-- What this task involves --
Transcribe the entries below exactly from their first line through the line containing "11月15日上午,湖北开放大", and let no picture into the copy.

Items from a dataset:
- Opening Delimiter -

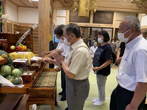 【山内より】 令和7年8月7日 お檀家様先祖供養(施食会・旧オセガキ)総勢7名の僧侶により厳修されました。併せて新盆塔婆供養も厳修されました。(令和7年8月)
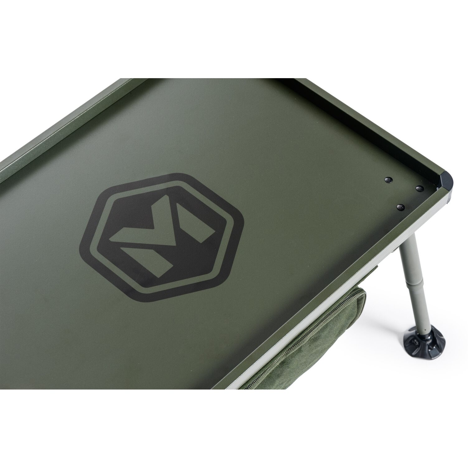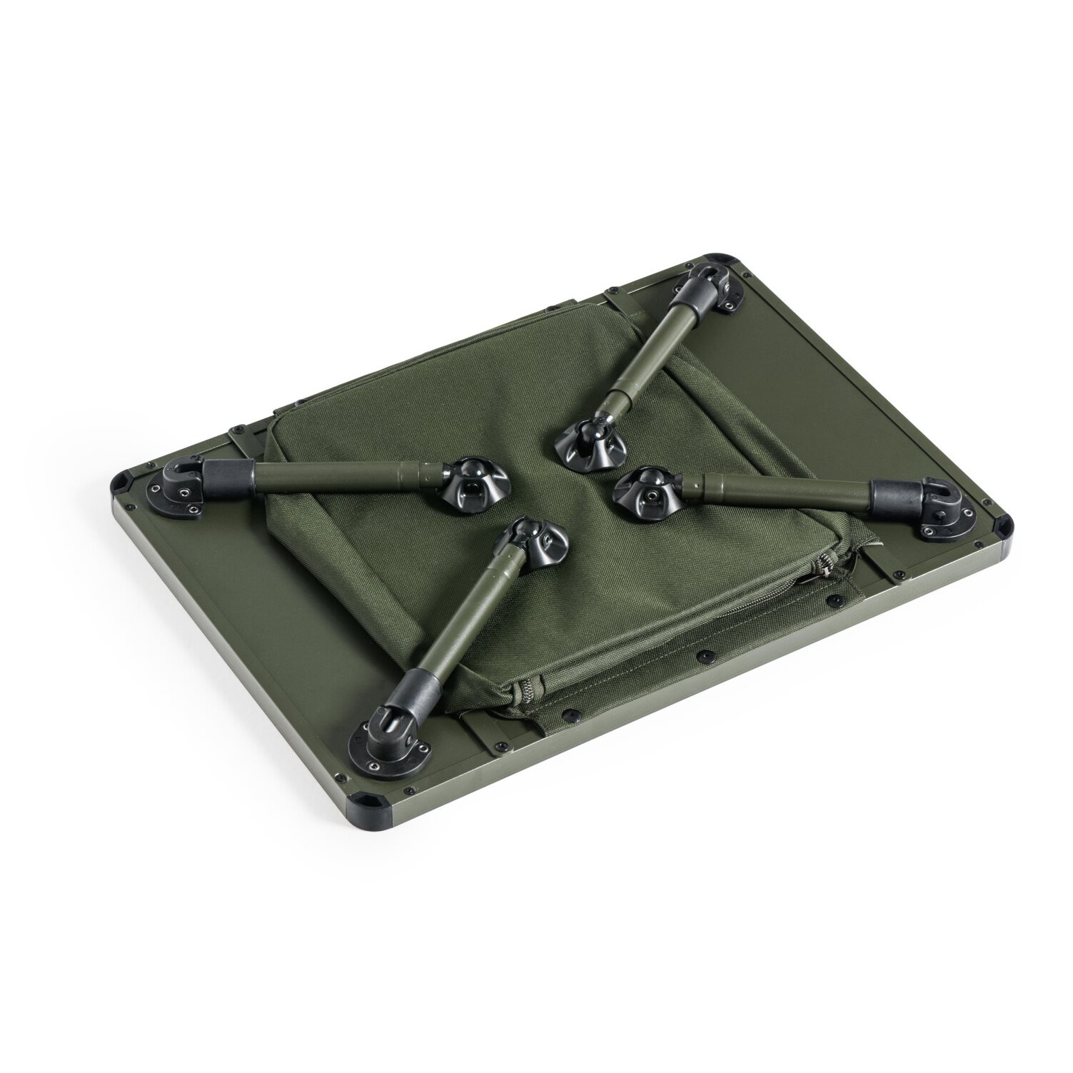 Nowo zaprojektowany stolik biwakowy o większych rozmiarach z miejscem do przechowywania pod blatem. Miejsce do przechowywania jest zamykane na zamek błyskawiczny, a jego dno jest wzmocnione lekką, ale wystarczająco sztywną płytą. Całkowicie metalowa konstrukcja głównego blatu gwarantuje sztywność i długą żywotność. Teleskopowe nogi są wyposażone w luksusowe odchylane stopki i system szybkiej blokady wysuwu. Pozwalają one również na ustawienie stolika na ponadstandardowej wysokości. Bardzo łatwe jest również rozkładanie i składanie nóg. Stolik jest dostarczany w praktycznej torbie transportowej z uchwytami do przenoszenia.
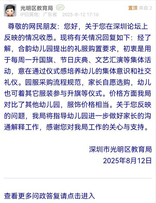尊敬的網民朋友:您好,關于您在深圳論壇上反映的情況收悉。現將有關情況回復如下:經了解,合韻幼兒園提出的禮服購置要求,初衷是用于每周一升國旗、節日慶典、文藝匯演等集體活動,意在通過儀式感培養幼兒的集體意識和社交禮儀。園服采購流程規范,家長自愿選購,幼兒也可著其它服裝參與升旗等儀式。價格方面我局對比了其他幼兒園,服飾價格相當。關于您反映的問題,我局將指導幼兒園進一步做好家長的溝通解釋工作,感謝您對我局工作的關心與支持。
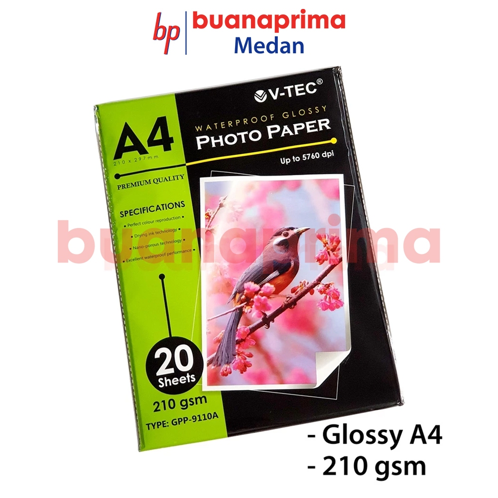 Kertas FOTO GLOSSY V-TEC A4 210 gsm 1 Pack isi 20 Lembar Photo Paper Kilat Vtec
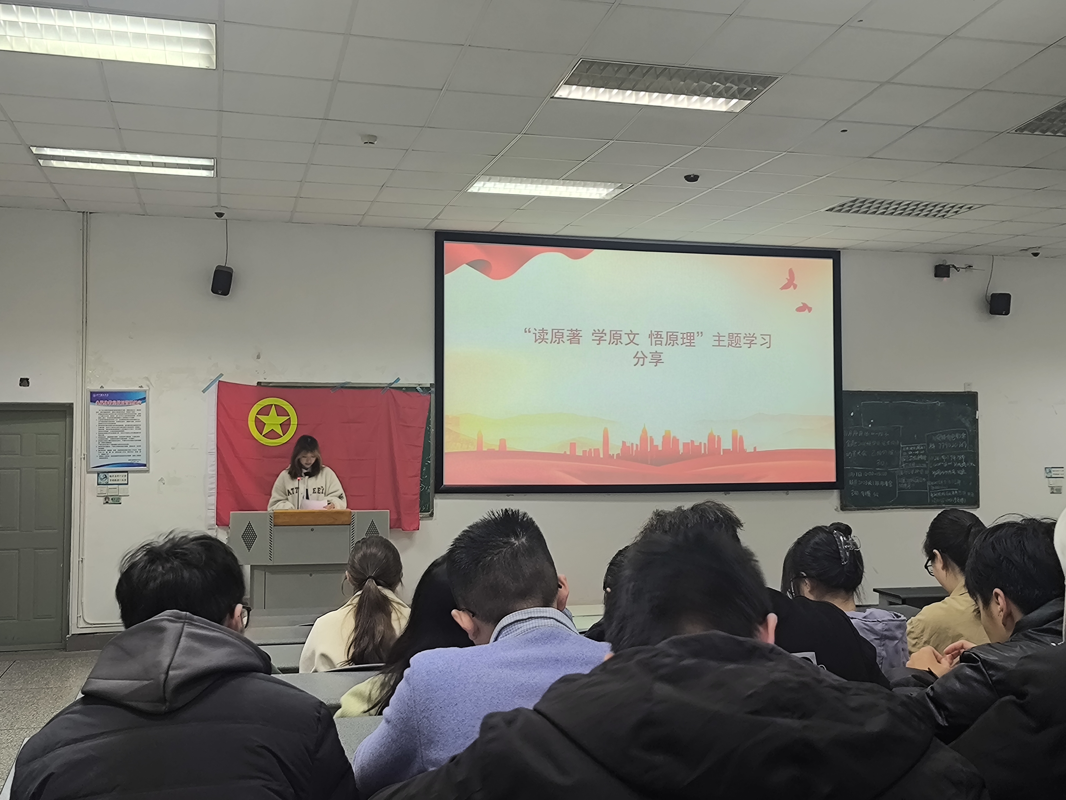 伴随着参与成员庄严的团歌声,本次团日活动拉开了帷幕。主持人白意和朱轶凌带领各团支部成员进行了“读原著 学原文 悟原理”主题学习,让各团支部成员对建成富强民主文明和谐美丽的社会主义现代化国家和实现中华民族伟大复兴梦想的信心更加坚定无比。
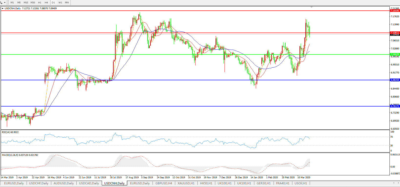 美元兑人民币USDCNH    日线图:
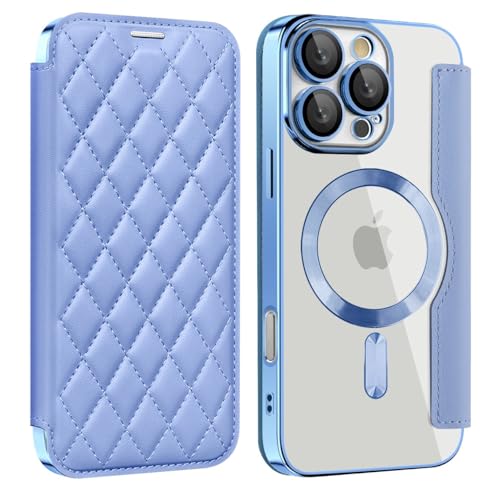 iPhone 16 Pro ケース 手帳型 MagSafe対応 キルティング 背面透明 クリア 可愛い 女性 手帳 iPhone16 Pro ケース チェエック 格子柄 ゴージャス カード収納 財布型,薄ブルー
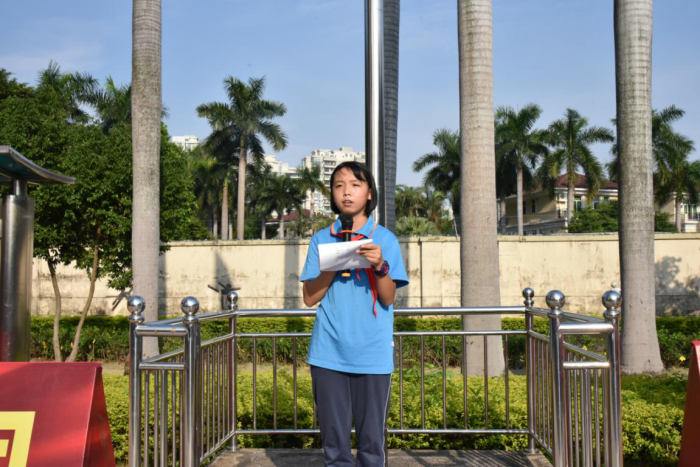 出旗完畢,主持人充滿力量與激情的話語,點燃著每一位先鋒隊員的熾熱內(nèi)心,她滿懷激情地說“我們的隊旗高高飄揚,星星火炬閃耀著金光,我們的隊歌鏗鏘而嘹亮,召喚著伙伴響徹四方!”接著,少先隊員們內(nèi)心激動,以最嘹亮的聲音共同奏唱中國少年先鋒隊隊歌,他(她)們在歌聲中唱出熱情、理想和信念。
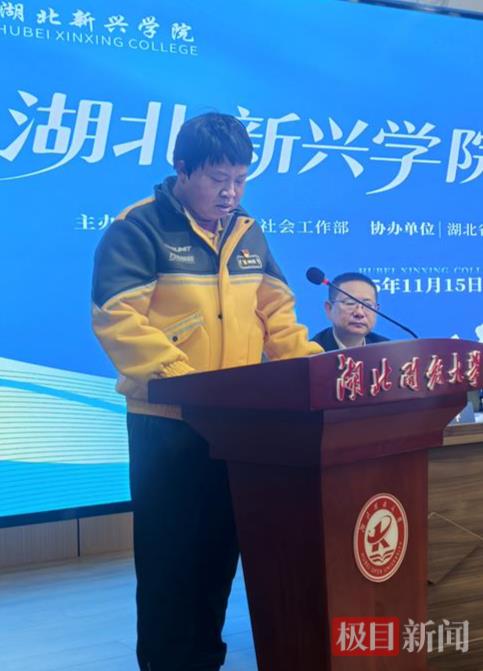 11月15日上午,湖北开放大学鲁巷校区内,41岁的外卖骑手司照天站在湖北新兴学院开学典礼的会场,手中紧握发言稿,神情庄重而期待。作为新就业群体学员代表,这位获评2024年度全国志愿服务“四个100”“最美志愿者”和“湖北好人” 的骑手即将登上讲台,分享自己的心声。
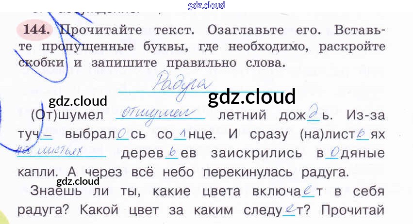 Ответ на задание 144 Рабочая тетрадь Русский язык за 4 (четвертый) класс Климанова Перспектива 2016 Часть 1, 2
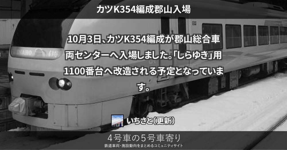 10月3日、カツK354編成が郡山総合車両センターへ入場しました。「しらゆき」用1100番台へ改造される予定となっています。
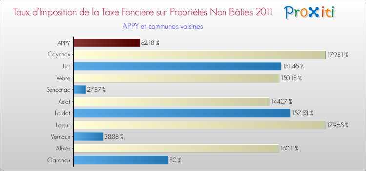 Vous trouverez ci-dessous des graphiques qui vous permettent de situer le taux de la taxe foncière sur le non bâti de Appy par rapport aux communes voisines.
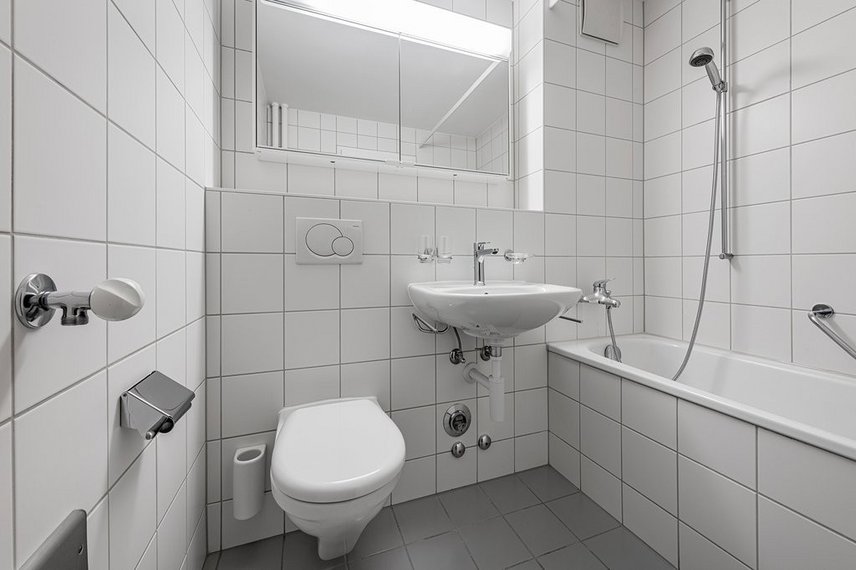 Nasszelle mit Badewanne, WC und optionalem Waschmaschinenanschluss
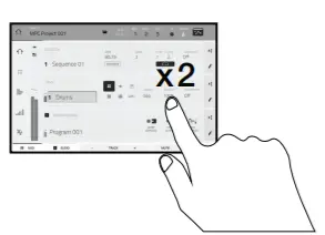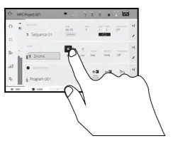two Mute Modes. Press and hold Shift and then press this button to enter Sample Edit Mode where you can edit your samples using various functions and processes. - Next Seq / XYFX: Press this button to view Next Sequence Mode where you can trigger different sequences simply by playing the pads. This is useful for live performances, letting you change a song’s structure in real time. Press and hold Shift and press this button to view XYFX Mode, which turns the touchscreen into an XY pad where each axis represents the range of an effect parameter. As you move touch or move your finger on the touchscreen, the current position will determine the current value of the two parameters. You can use this mode to create interesting effect automation on your tracks.
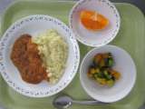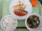 ごはん 牛乳 鮭のステーキソース 粉ふき芋 味噌汁 みかん <主な食材と産地>...

- Closing Delimiter -

-- Result --
 【山内より】 令和7年8月7日 お檀家様先祖供養(施食会・旧オセガキ)総勢7名の僧侶により厳修されました。併せて新盆塔婆供養も厳修されました。(令和7年8月)
 Nowo zaprojektowany stolik biwakowy o większych rozmiarach z miejscem do przechowywania pod blatem. Miejsce do przechowywania jest zamykane na zamek błyskawiczny, a jego dno jest wzmocnione lekką, ale wystarczająco sztywną płytą. Całkowicie metalowa konstrukcja głównego blatu gwarantuje sztywność i długą żywotność. Teleskopowe nogi są wyposażone w luksusowe odchylane stopki i system szybkiej blokady wysuwu. Pozwalają one również na ustawienie stolika na ponadstandardowej wysokości. Bardzo łatwe jest również rozkładanie i składanie nóg. Stolik jest dostarczany w praktycznej torbie transportowej z uchwytami do przenoszenia.
尊敬的網民朋友:您好,關于您在深圳論壇上反映的情況收悉。現將有關情況回復如下:經了解,合韻幼兒園提出的禮服購置要求,初衷是用于每周一升國旗、節日慶典、文藝匯演等集體活動,意在通過儀式感培養幼兒的集體意識和社交禮儀。園服采購流程規范,家長自愿選購,幼兒也可著其它服裝參與升旗等儀式。價格方面我局對比了其他幼兒園,服飾價格相當。關于您反映的問題,我局將指導幼兒園進一步做好家長的溝通解釋工作,感謝您對我局工作的關心與支持。
 Kertas FOTO GLOSSY V-TEC A4 210 gsm 1 Pack isi 20 Lembar Photo Paper Kilat Vtec
 伴随着参与成员庄严的团歌声,本次团日活动拉开了帷幕。主持人白意和朱轶凌带领各团支部成员进行了“读原著 学原文 悟原理”主题学习,让各团支部成员对建成富强民主文明和谐美丽的社会主义现代化国家和实现中华民族伟大复兴梦想的信心更加坚定无比。
 美元兑人民币USDCNH    日线图:
 iPhone 16 Pro ケース 手帳型 MagSafe対応 キルティング 背面透明 クリア 可愛い 女性 手帳 iPhone16 Pro ケース チェエック 格子柄 ゴージャス カード収納 財布型,薄ブルー
 出旗完畢,主持人充滿力量與激情的話語,點燃著每一位先鋒隊員的熾熱內(nèi)心,她滿懷激情地說“我們的隊旗高高飄揚,星星火炬閃耀著金光,我們的隊歌鏗鏘而嘹亮,召喚著伙伴響徹四方!”接著,少先隊員們內(nèi)心激動,以最嘹亮的聲音共同奏唱中國少年先鋒隊隊歌,他(她)們在歌聲中唱出熱情、理想和信念。
 11月15日上午,湖北开放大学鲁巷校区内,41岁的外卖骑手司照天站在湖北新兴学院开学典礼的会场,手中紧握发言稿,神情庄重而期待。作为新就业群体学员代表,这位获评2024年度全国志愿服务“四个100”“最美志愿者”和“湖北好人” 的骑手即将登上讲台,分享自己的心声。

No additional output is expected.